1. Un tratado entrará en vigor de la manera y en la fecha que en él se disponga o que acuerden los Estados negociadores.

2. A falta de tal disposición o acuerdo, el tratado entrará en vigor tan pronto como haya constancia del consentimiento de todos los Estados negociadores en obligarse por el tratado.

3. Cuando el consentimiento de un Estado en obligarse por un tratado se haga constar en una fecha posterior a la de la entrada en vigor de dicho tratado, éste entrará en vigor en relación a ese Estado en dicha fecha, a menos que el tratado disponga otra cosa.

4. Las disposiciones de un tratado que regulen la autenticación de su texto, la constancia del consentimiento de los Estados en obligarse por el tratado, la manera o la fecha de su entrada en vigor, las reservas, las funciones del depositario y otras cuestiones que se susciten necesariamente antes de la entrada en vigor del tratado se aplicarán desde el momento de la adopción de su texto".

En otras palabras, para que el instrumento entre en vigor, es necesario, además de que se hayan surtido las aprobaciones exigidas por el ordenamiento jurídico interno de cada país - en el caso de Colombia, la revisión de la Corte Constitucional y la expedición de la ley aprobatoria - , que posteriormente se haga

el depósito de los instrumentos de ratificación o de adhesión - cuando el tratado es multilateral - o se efectúe el canje de ratificación - cuando es multilateral - , y se cumpla el plazo o condición señalado para el efecto. Pero, bien puede ocurrir, que estando vigente para Colombia el respectivo tratado o convenio, alguno o algunos de sus preceptos no sean aplicables a nuestro país, por circunstancias especiales tales como haber sido formuladas reservas sobre ellos, o haber denunciado apartes del mismo. Igualmente puede suceder, que habiendo estado vigente para Colombia un tratado, ya no lo esté. Por ejemplo, por haber sido denunciado en su totalidad. Por todo lo anterior, es que es imprescindible que quien invoca en su favor una norma de derecho internacional, pruebe dentro del proceso su vigencia, mediante la correspondiente constancia o certificación del Ministerio de Relaciones Exteriores o del Estado o autoridad depositaria del tratado. Ahora bien, respecto a los pactos invocados por el actor como violados, observa la Sala que sus artículos 27 y 49 respectivamente, señalan su vigencia en los siguientes iguales términos: "1. El presente pacto entrará en vigor transcurridos tres meses a partir de la fecha en que haya sido depositado el trigésimoquinto instrumento de ratificación o de adhesión en poder del Secretario General de las Naciones Unidas.

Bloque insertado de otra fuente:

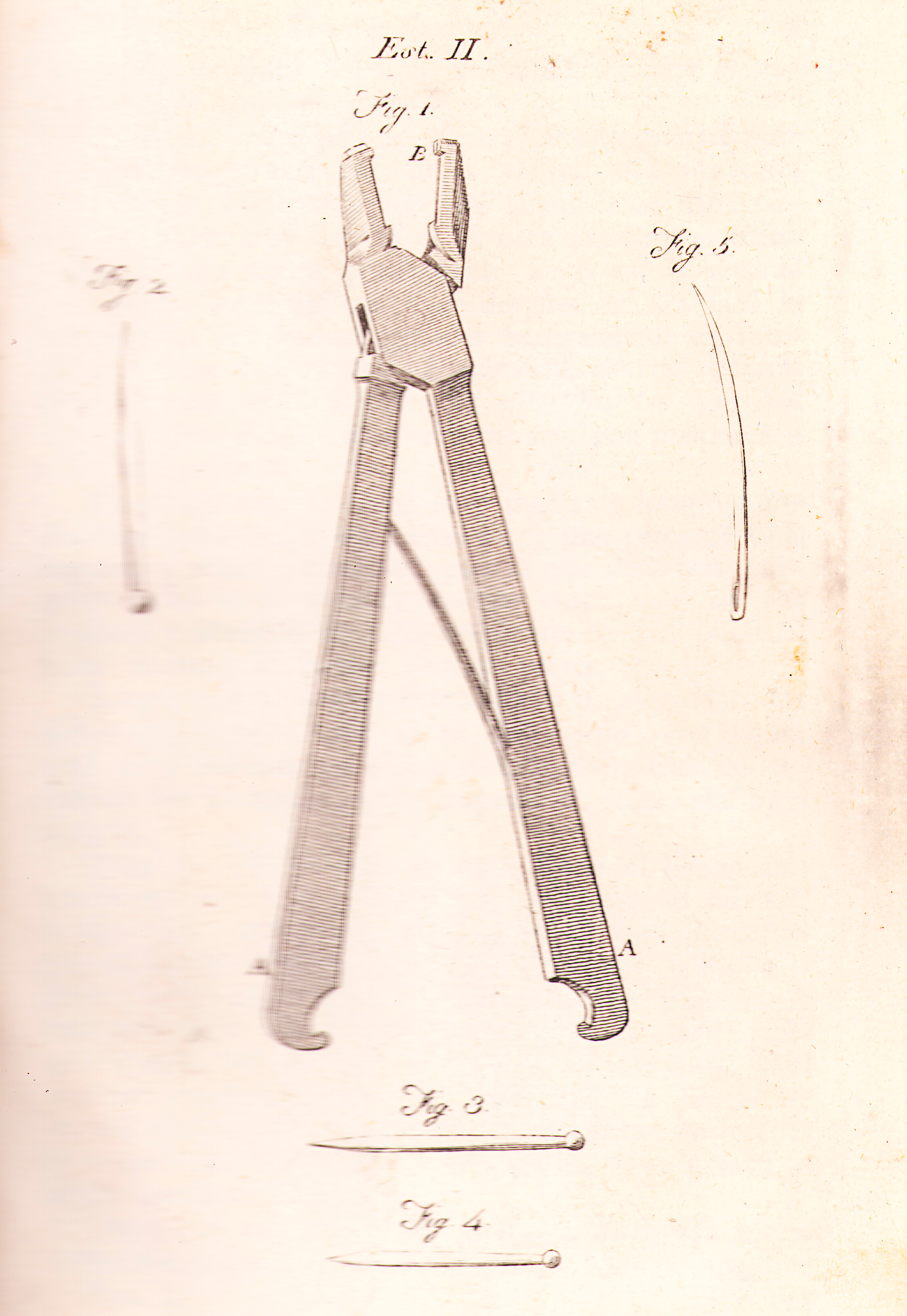 Lámina segunda: Figura 1: porta-agujas, A los brazos del instrumento, B una muesca para recibir los alfileres.Figura 2, 3 y 4: Diferentes alfileres para suturas. Figura 5:Aguja plana.

2. Para cada Estado que ratifique el presente Pacto o se adhiera a él después de haber sido depositado el trigesimoquinto instrumento de ratificación o de adhesión, el Pacto entrará en vigor, transcurridos tres meses a partir de la fecha en que tal Estado haya depositado su instrumento de ratificación o de adhesión.

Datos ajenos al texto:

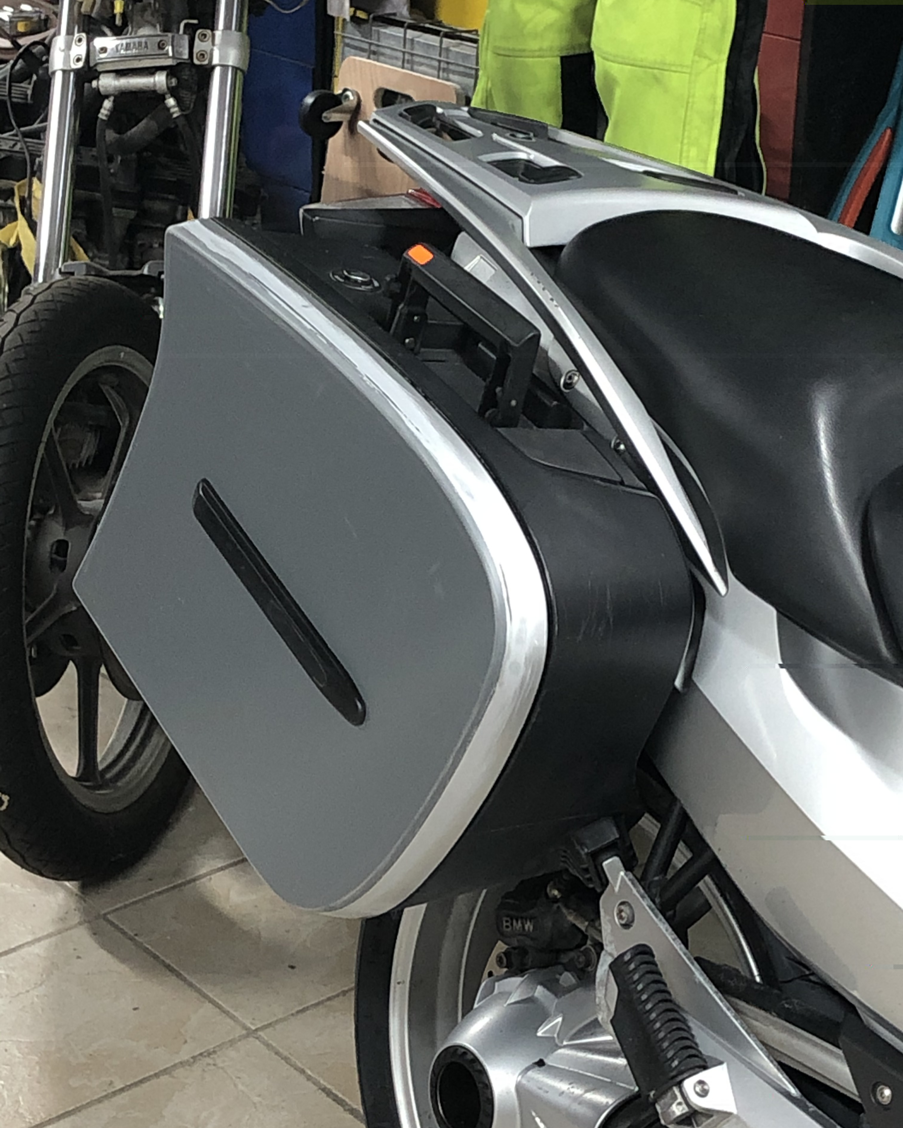 In 2006 kocht ik een R1200 RT en liep toen tegen het probleem van de breedte aan. De motor was met zijkoffers zo breed (breder dan de spiegels) dat hij niet door de poort kon zonder de koffers te verwijderen. Op dat moment bestonden er nog geen smalle (City) deksels. Ik heb toen de stoute schoenen aangetrokken en twee extra kofferdeksels besteld en daar de zaag ingezet en er zelf smalle deksels van gemaakt (zie de foto's). De inhoud van de koffers was vervolgens voldoende om mijn dagelijkse bagage en wat gereedschap mee te nemen. En als ik met (meerdaagse) vakantie ging kon ik gewoon de originele deksels er snel opzetten (de scharnieren zaten gewoon geschroefd).

En similares términos señala el artículo 9o. del Protocolo Facultativo, su entrada en vigor. Como se ve, los mismos instrumentos de derecho internacional invocados por el demandante señalan unas condiciones para su vigencia, que, como se dijo deben cumplirse con posterioridad a la aprobación interna en cada uno de los Estados, condiciones cuyo cumplimiento para la época de la desvinculación del actor, no fueron acreditadas dentro del proceso, razón por la cual no le es dado al juez administrativo entrar a determinar en el caso sub - júdice si el acto administrativo demandado violó o no las normas en aquellos contenidas. La estabilidad del demandante. No obra prueba en el expediente que acredite que el demandante estuviera amparado por el fuero de relativa estabilidad que otorga la inscripción en carrera administrativa o el desempeño de un cargo de período fijo. Por ende, debe concluirse que se hallaba sujeto al régimen de libre nombramiento y remoción, razón por la cual su nombramiento podía ser declarado insubsistente en forma discrecional por el nominador, decisión ésta que, según lo ha expresado la Sala en múltiples fallos, se entiende adoptada en procura del buen servicio y en ejercicio de la aludida facultad. Razona extensamente el demandante en orden a demostrar que no existe la facultad de libre nombramiento y remoción y que, en consecuencia, no obstante su carácter de empleado del orden departamental, se encontraba amparado por el fuero de estabilidad que para los empleados de carrera administrativa otorgan el Decreto extraordinario 2400 de 1968 y sus normas reglamentarias.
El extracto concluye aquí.